6 de dezembro de 2012

O mastro que Niemeyer não previu



O “mastro monumental” de Brasília não foi previsto pelo arquiteto Oscar Niemeyer. Foi projetado por Sérgio Bernardes, em 1969, em plena ditadura e, segundo muitos arquitetos, desrespeita a concepção original segundo a qual o prédio do Congresso deveria ser a última coisa visível no Eixo Monumental – depois, só o horizonte.

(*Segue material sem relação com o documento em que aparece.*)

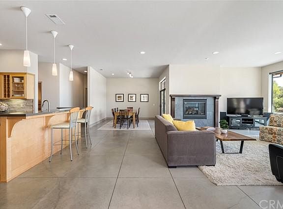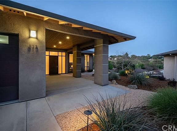 Welcome to this stunning contemporary home with a mesmerizing view and located in the much-sought-after westside foothills of Paso Robles! Paso Robles has gained international fanfare as a wonderful place to enjoy world class wineries, fine dining, as well as small town charm and hospitality. This special property, truly a rare find, is elegantly positioned at the top of Maplewood Estates and is an easy walk, drive, or bike ride to the charming and historic Paso Robles Downtown City Park. This unique home boasts concrete floors, modern lighting, solar tubes, vast windows, sliding glass doors, and an infinity concrete patio with built-in benches. Surrounding the home is a lovely nature-filled backdrop, making it the perfect environment for entertaining. The expansive entrance and patio are both covered and further enhanced by recessed lighting and a natural, exposed wood ceiling. The phenomenal floor plan is open-concept including the kitchen, dining, and living room. The living room has a gas-burning fireplace with slate surround and a wood mantle. The chefs kitchen features an island that can seat up to 7, and comes complete with a stainless steel appliance package including a 5-burner cooktop, refrigerator, and other essentials. The kitchen also includes a beautiful solid countertop surface, a pantry, modern cabinets, and a natural stone backsplash. Paso Robles is in the vein of this home with a special wine room which is accessed through double pocket doors adjacent to the kitchen. The owners suite comes with an immense walk-in closet and a gorgeous bathroom which includes an oversized bathtub, tiled shower, and dual sinks. This suite also enjoys breathtaking views. The two guest rooms, each with a personal walk-in closet, are on a separate wing with two guest bathrooms. Inside the home is an over-sized laundry room which has both 220 and gas hook-ups, a stainless sink, abundant cabinets, and convenient countertop spaces. The 15,548 sq ft parcel has drought tolerant landscaping and contemporary hardscape. The extensive concrete driveway allows for many cars to park privately and leads to a very spacious 3-car garage.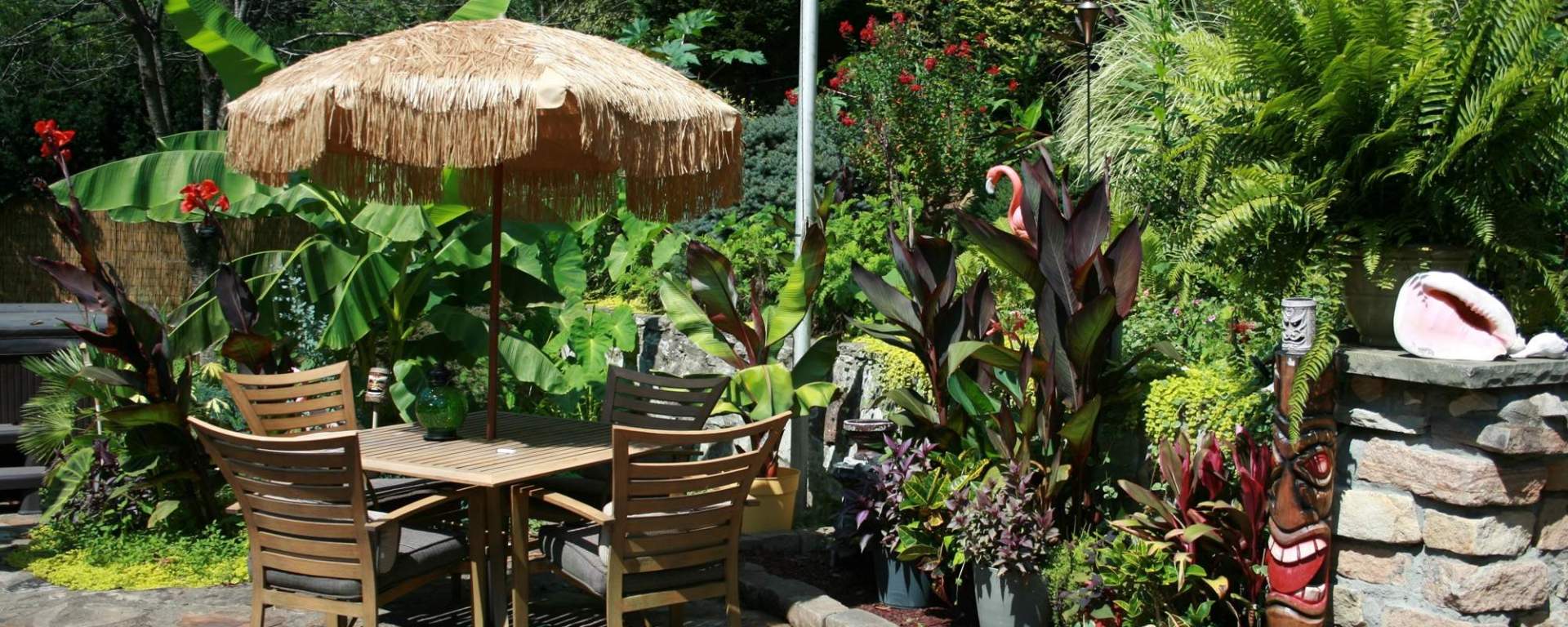He has transformed his backyard into a tropical outpost in a short three years, by replacing many of the plants with those that are usually found farther south. Some of these plants, like his banana trees, are hardy during our normal winters with mulching (though he admits last winter was rough).

O “Monumento ao Pavilhão Nacional”, como é chamado, foi construído às pressas em 1972 para que sua inauguração coincidisse com o Dia da Bandeira. A ideia foi do coronel Rubem Ludwig, que pretendia erguer um pequeno mastro na Praça dos Três Poderes. Entretanto, o governador do Distrito Federal, Hélio Prates, influenciado pelo arquiteto Sérgio Bernardes, optou pelo mastro monumental. Ele é montado a partir de 24 tubos de aço, representando os estados e territórios então existentes. No alto de seus 200 metros, a peça de nylon, de 280 metros quadrados. O conjunto é iluminado por holofotes fotoelétricos, de modo que a bandeira nunca precisa ser arriada quando escurece.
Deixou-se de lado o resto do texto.